Copy out the full listing below as it stands, with its pictures left behind.
╭─ Data shown
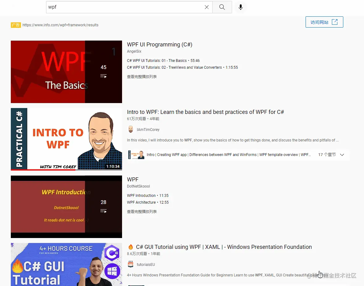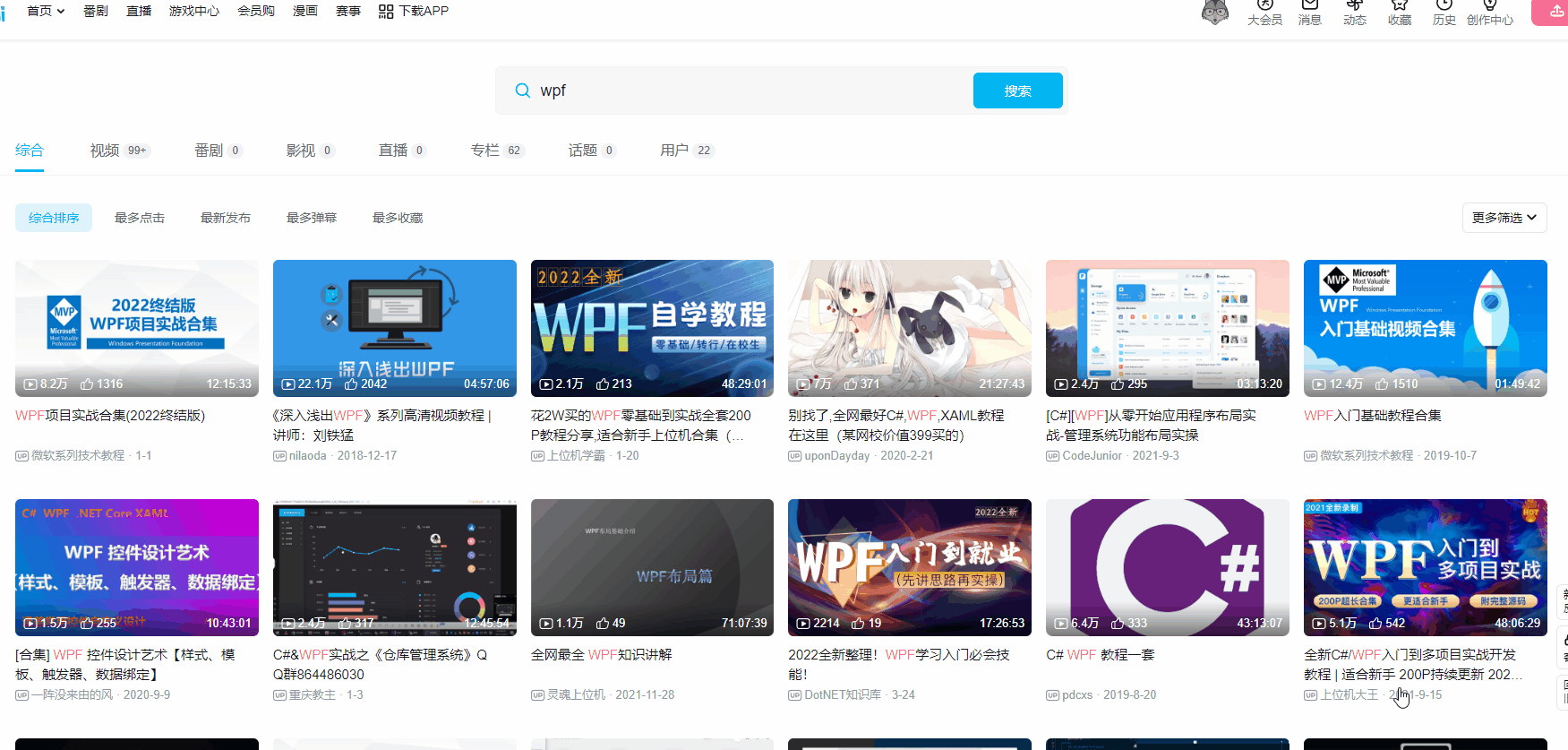 除了痕迹大佬的分享外,B站关于WPF的分享不少,比如打开B站搜索WPF,每页36个,共有28页搜索结果:
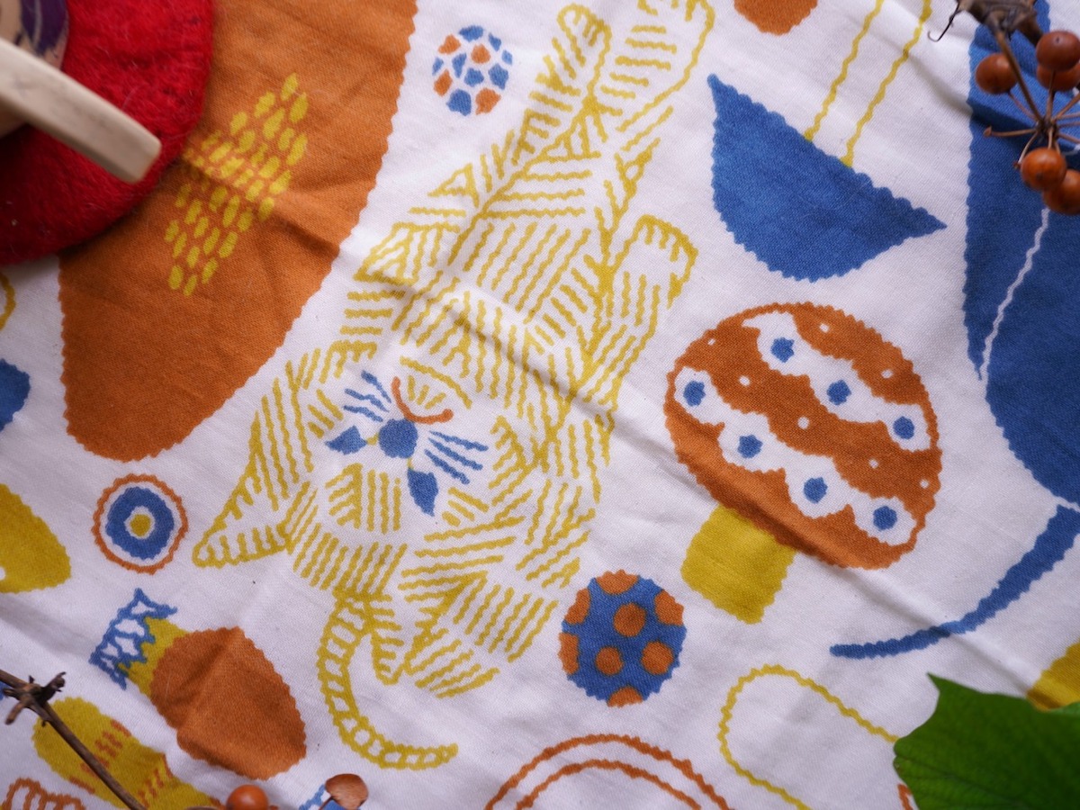 きのこや大好きなネコチャンや色とりどりのきのこが所狭しと並んだこちらの大判クロスは秋のお気に入りの一枚。
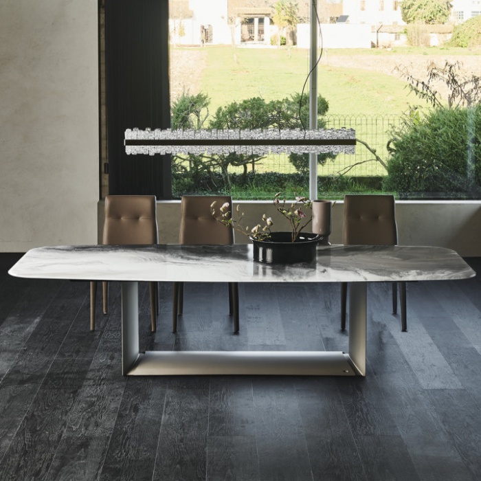 I tavoli da pranzo Dragon si distinguono per la scelta del materiale che costituisce il piano. Le molteplici combinazioni permettono di avvicinare questi tavoli di design a svariati gusti e stili, per arredare una zona living moderna.
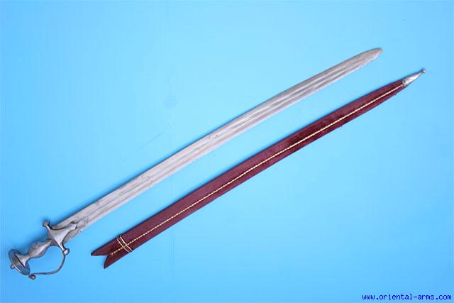 This is a rare cousin of the Tulwar, the famous Indian sword / saber. It is known as Kirash or Karash and it is characterized by the slightly down curving blade with the edge on the concave side and the down curving spine with a false edge. This one is a very good exemplar with a unique blade double fullered with a curling pattern of the fullers and showing a wootz structure. Blade length 30 inches. False edge 8 1/2 inches. The blade also shows a welding pattern known as Scarff welding about 9 inches below the handle. The hilt is typical whole steel Tulwar style. Original fabric covered scabbard with silver tip (recent). Total length 36 inches. Very Good condition. Minor forging flaws on the blade. |
╰─
## Response for this exercise
 除了痕迹大佬的分享外,B站关于WPF的分享不少,比如打开B站搜索WPF,每页36个,共有28页搜索结果:
 きのこや大好きなネコチャンや色とりどりのきのこが所狭しと並んだこちらの大判クロスは秋のお気に入りの一枚。
 I tavoli da pranzo Dragon si distinguono per la scelta del materiale che costituisce il piano. Le molteplici combinazioni permettono di avvicinare questi tavoli di design a svariati gusti e stili, per arredare una zona living moderna.
 This is a rare cousin of the Tulwar, the famous Indian sword / saber. It is known as Kirash or Karash and it is characterized by the slightly down curving blade with the edge on the concave side and the down curving spine with a false edge. This one is a very good exemplar with a unique blade double fullered with a curling pattern of the fullers and showing a wootz structure. Blade length 30 inches. False edge 8 1/2 inches. The blade also shows a welding pattern known as Scarff welding about 9 inches below the handle. The hilt is typical whole steel Tulwar style. Original fabric covered scabbard with silver tip (recent). Total length 36 inches. Very Good condition. Minor forging flaws on the blade. |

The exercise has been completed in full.